According to the Rockford Morning Star, Hackett reportedly jumped to the Indianapolis Indians of the then-outlaw American Association during the off-season. But he returned to Terre Haute when Indianapolis dropped him. Hackett started fast again in 1902, not losing a decision until June 14, a 19-0 thrashing by Rockford. His final record would be in the neighborhood of 21-10, a performance that garnered Hackett a spot on the Three-I League All-Star team selected by the Rockford Morning Star.14 With the press awash in new reports of interest in Hackett by the Cardinals, the deal was done. Terre Haute sold their pitcher to St. Louis in early August for a reported $800. The Illinois State Register reported that Hackett was instructed to report to St. Louis “as soon as the position of the Terre Haute team in Three-I League [standings] is assured.”15 But unhappily for Jim, a tight Three-I pennant race kept him in Terre Haute until mid-September.16

Jim Hackett made his major league debut on September 14, 1902. With the Cardinals already trailing the visiting Pittsburgh Pirates 8-0, the oversized battery of Hackett and fellow call-up Art Weaver (6’1”) replaced the O’Neill brothers (pitcher Mike O’Neill and catcher Jack O’Neill) to begin the fourth inning. Over the next six frames, Hackett kept the opposition off balance, yielding only a single run while striking out three. As a result, the final score was respectable: Pittsburgh 9, St. Louis 6. Four days later, Manager Patsy Donovan gave Hackett his first start—against those same Pittsburgh Pirates. Having faced the giant right-hander before, the Bucs were now on to him. His imposing height notwithstanding, Hackett was a soft-tosser, with no better than a batting practice fastball. In the minors, his out-pitch had been a “tantalizing slow ball.”17 The second time around the Pittsburgh lineup of Honus Wagner, Fred Clarke, and company feasted on Sunny Jim, battering him for 15 hits. They also put men on base via four walks and a hit batsman, while Hackett struck out none of the 48 batters who faced him. Still, it took ten innings for the Pirates to best him, 7-6. Along the way, Jim got his first major leagues base-hit, a single off crafty left-hander Jesse Tannehill.

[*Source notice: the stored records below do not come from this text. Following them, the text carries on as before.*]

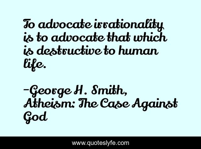 This page presents the quote "To advocate irrationality is to advocate that which is destructive to human life.". Author of this quote is George H. Smith, Atheism: The Case Against God. This quote is about atheism, philosophy,.
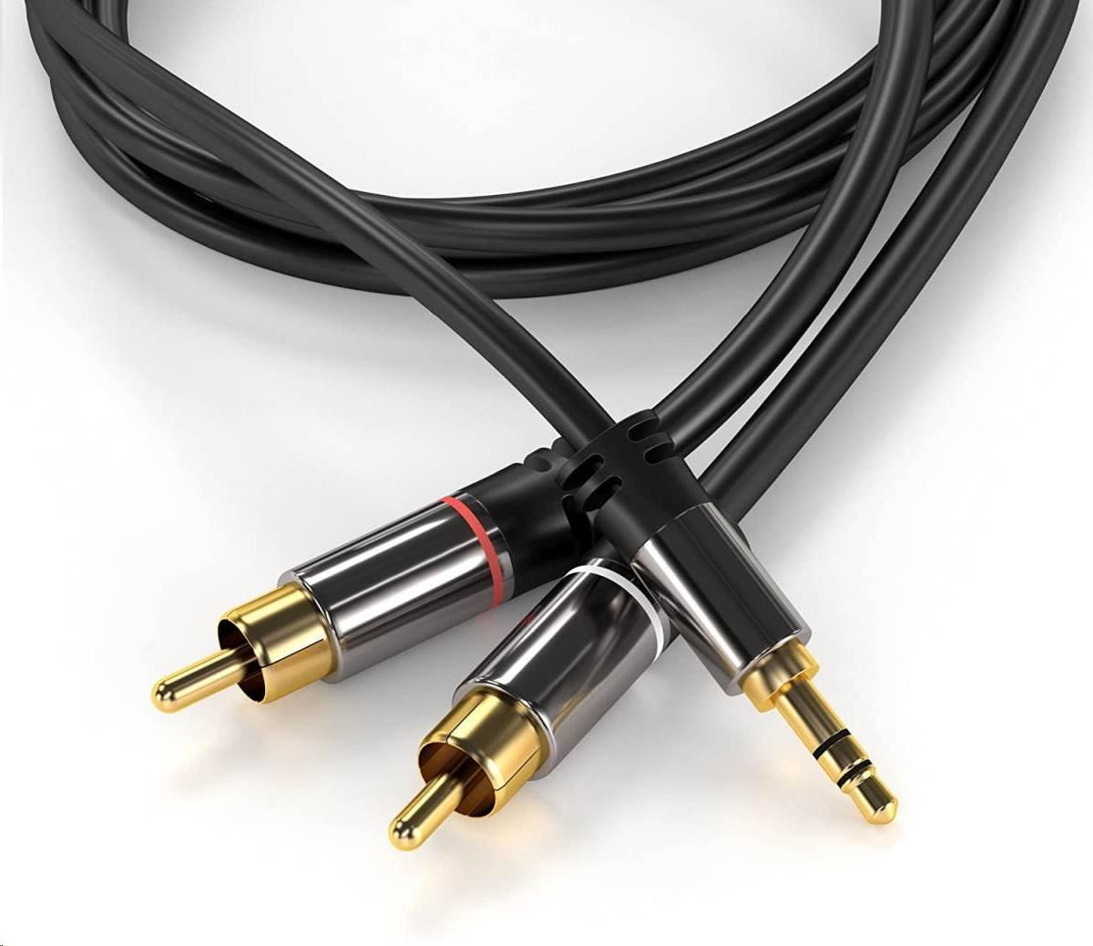 PremiumCord HQ stíněný kabel stereo Jack 3.5mm-2xCINCH M/M 5m
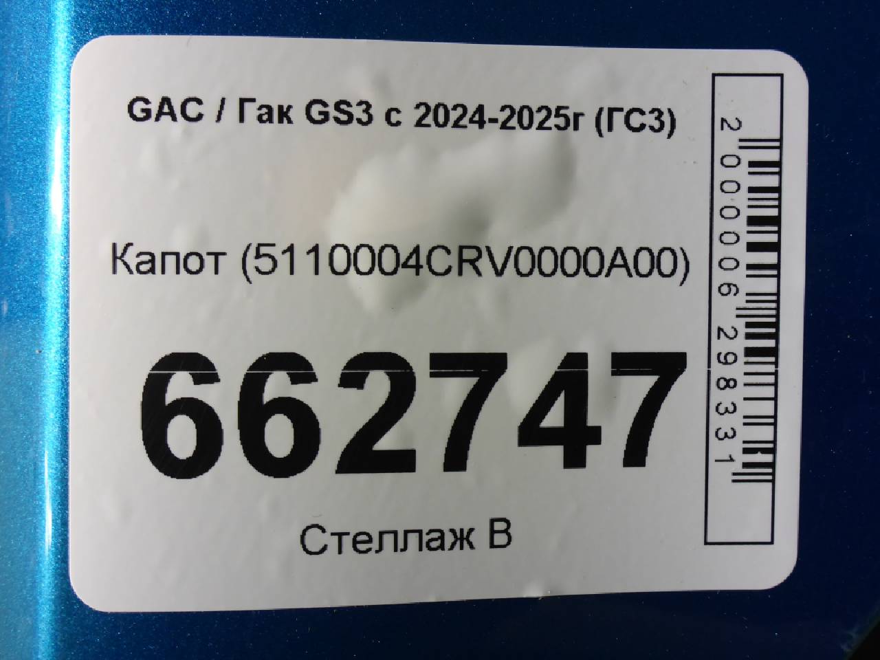 Деталь: GAC GS3 - Капот (5110004CRV0000A00)
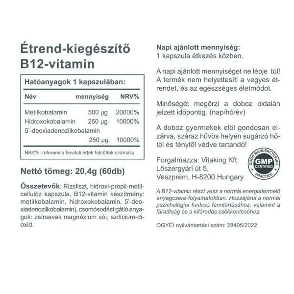 B-12 vitamin természetben előforduló összetevőkkel. Termékünk 500µg metilkobalamint 250mg hidroxokobalamint és 250mg adenozilkobalamint tartalmaz kapszulánként. (a B12 természetben előforduló formái) A B12 vitamin részt vesz a normál energiatermelő anyagcsere-folyamatokban, hozzájárul az idegrendszer normál működéséhez, a normál vörösvérsejt-képződéshez és az immunrendszer normál működéséhez.
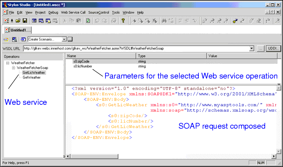 - The XML that describes the SOAP request associated with that operation. You can edit the SOAP request, but for initial testing you should restrict changes to providing parameter values, and you can use the parameter's
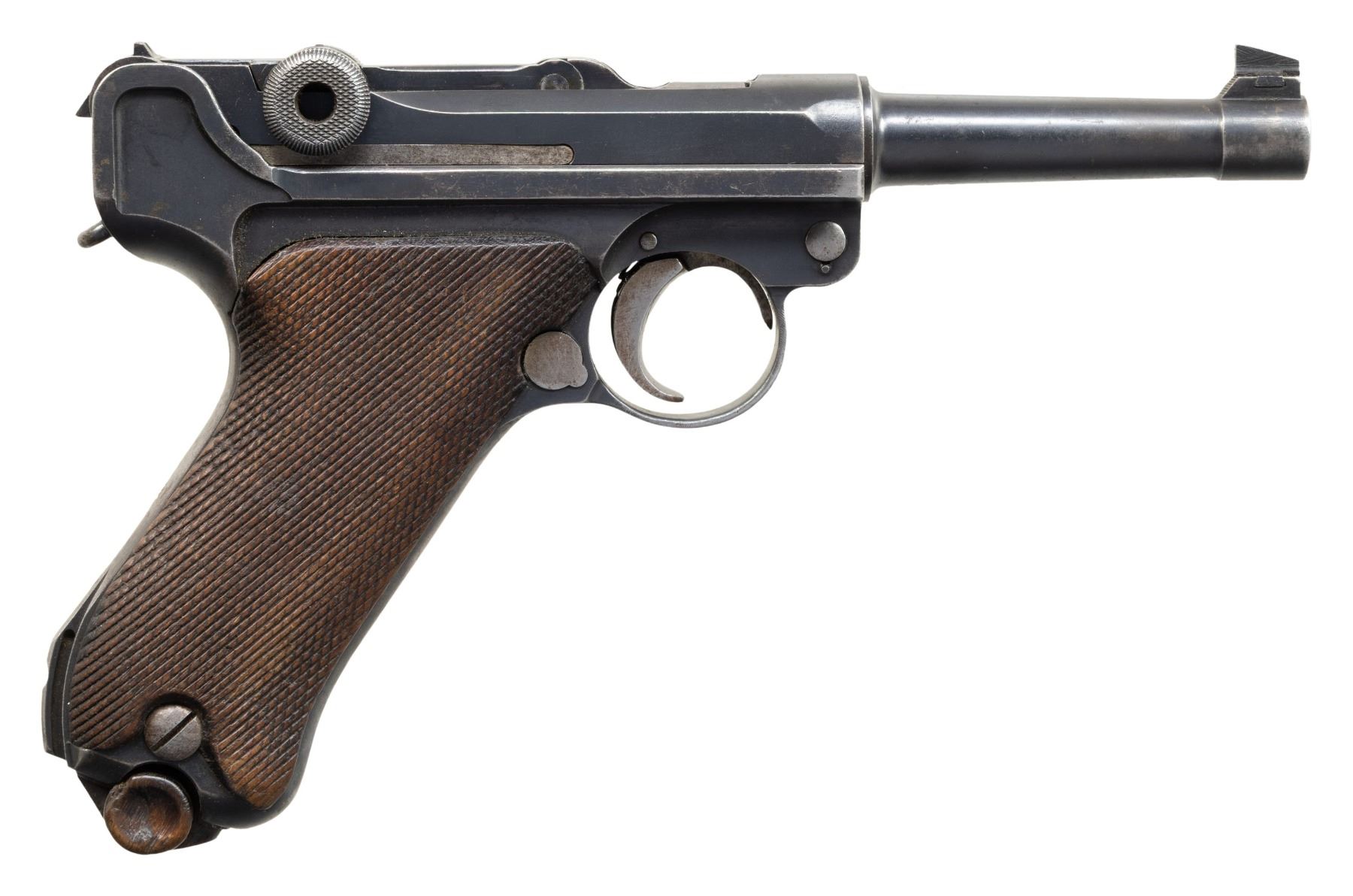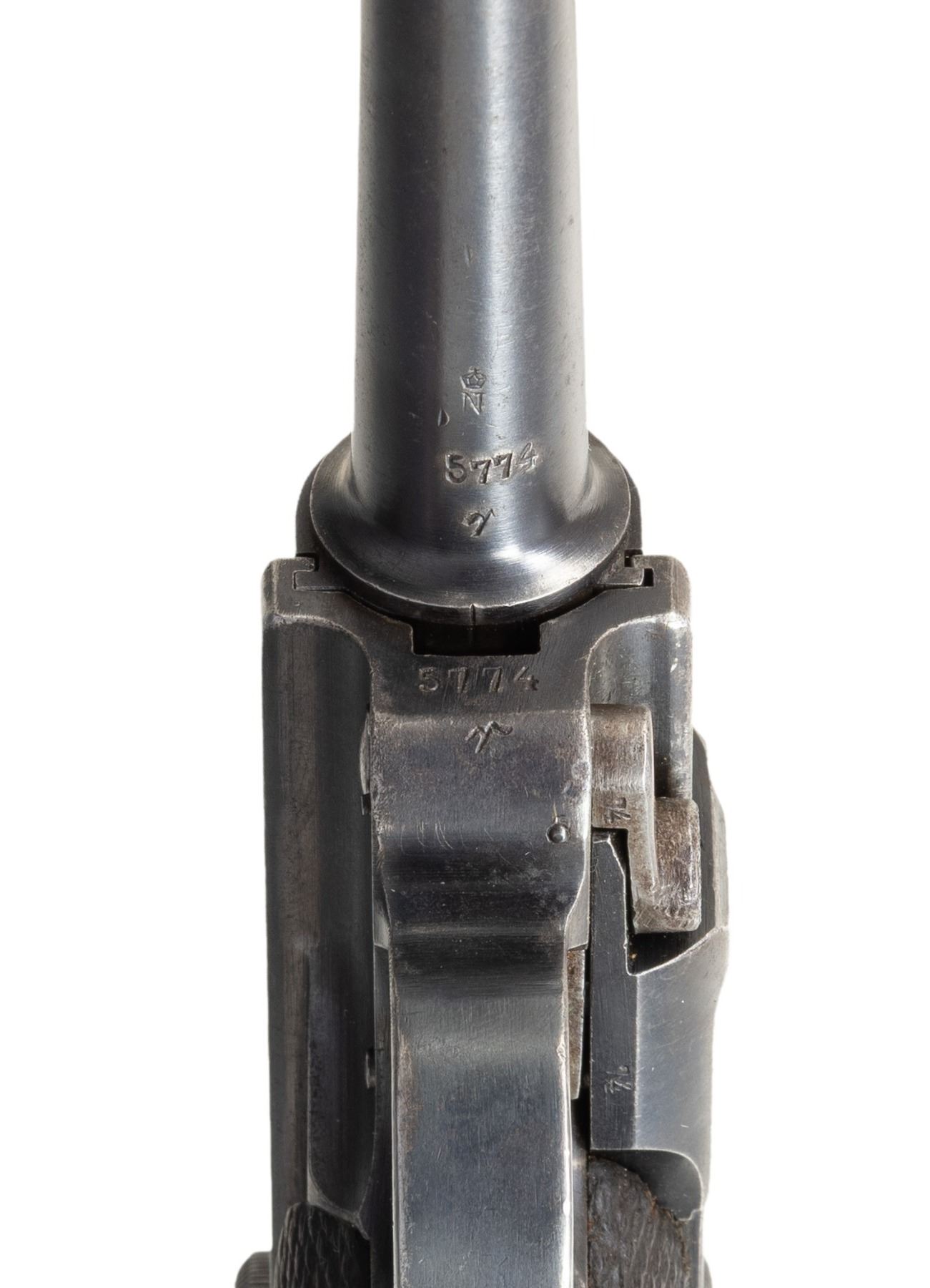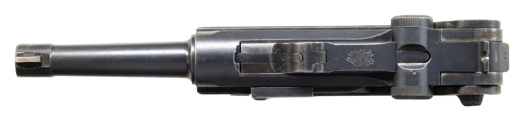 Cal. 30 Luger. S# 5774r. Bbl. 3 3/4". Looking to update their current military sidearm and being unsatisfied with the domestically designed Ahlberg pistol, the Finnish Ministry of Defense went to DWM in hopes of acquiring a contract for the P.08 pistol. DWM, unable to to fulfill this request due to the Treaty of Versailles, could only offer Finland the Model 1920 Commercial Luger chambered in 7.65x21mm Parabellum (.30 Luger). Ultimately, the Finnish Ministry of Defense accepted these Lugers, designating them as the "M/23", with a small number being rebarreled for the 9x19mm cartridge and designated as the "M/08". This example, an M/23 Luger, is marked with a Crown/N commercial nitro proof on the left side of the bbl. extension, which is repeated on the underside of the bbl. and left side of the breechblock. Toggle is marked with the intertwined "DWM" logo. Rear grip strap is import marked "PRI GARDEN CITY KS/ P08 30 LUGER GERMANY" along the sides of the stock lug. Metal components exhibit a blue finish overall, save for on some small parts, which exhibit a straw finish. Frame is mounted with 2-piece checkered wood grips. Dovetailed Lahti pattern blade front sight with fixed rear sight modified into a U-notch configuration, both indicative of Finnish use. Unusually, the underside of the breechblock has been drilled with a small hole that shows through to the firing pin. Nearly all serialized parts are matching in the "hidden" commercial fashion and include the frame, takedown lever, sideplate, bbl. and rear toggle link. Firing pin is mismatched via "78". MAGS: 1 8-rd. mag. with wood plug. CONDITION: metal components retain large amounts of their original factory blue finish, exhibiting areas of wear and thinning that are fading to gray patina, scattered superficial handling marks, as well as scattered spots and patches of light surface oxidation overall. Grip straps exhibit areas of wear that have faded to a gray patina, with scattered spots of light surface oxidation and pitting. Strawed parts retain traces of their original finish, with the balance having faded to gray patina, showing scattered spots of light pitting and age related discoloration. Bore exhibits light pitting and some mild pitting towards the muzzle, while retaining good rifling throughout. Proper manual mechanics. Grips show consistent smoothing, as well as some scattered marks and minor impressions, but otherwise remain sound. (25-6053/MLW). CURIO. $800-1,400.

Including two games that that he played in the outfield, Hackett got into six late-season St. Louis contests. His batting (6-for-21, .286, with four RBIs) showed some promise. His hurling did not. In four appearances, he went 0-3, with a 6.23 ERA in 30⅓ innings pitched. Nevertheless, the sixth-place and going nowhere Cardinals reserved the youngster for the 1903 season. Sunny Jim began that campaign as he had finished the last, pitching unimpressively and losing three early-May starts. Thereafter, Manager Donovan installed him at first base, where he began to develop into a good defensive player. His batting, however, still lagged. . In over 350 at-bats, he posted only a .228/.272/.311 slash line. Returned to the box in September, Hackett registered his first major league victory, an 8-3 trimming of Cincinnati that might have been a shutout but for St. Louis errors in the field. It was also his last victory, with his final two outings ending in a respectable 4-3 loss to Christy Mathewson and the New York Giants on September 12) and a 5-5 tie against Brooklyn five days later. In the first game of the season-ending September 27 doubleheader against Philadelphia, Hackett appeared as an unsuccessful ninth-inning pinch-hitter. Unbeknownst to all concerned at the time, that was Jim Hackett’s concluding major league appearance.18

Jim Hackett spent a shade over a calendar year in a St. Louis Cardinals uniform. During that time, he was given a fair chance to establish himself as either a pitcher or an everyday player, but he failed to do so. As a pitcher in 11 games, he went 1-6 (.143), with a 4.69 ERA in 78⅔innings pitched. He walked 34, struck out 28, and yielded a high Deadball Era .290 OBA. Hackett’s work with the bat was equally undistinguished. In just under 400 plate appearances, he compiled a slim .231 batting average, with 22 extra-base hits and 40 RBIs. His 58 strikeouts and .276 on-base percentage were also substandard. Although Hackett was still young (25) and had received considerable playing time in 1903, his place in future Cardinals plans appeared shaky as the season came to a close.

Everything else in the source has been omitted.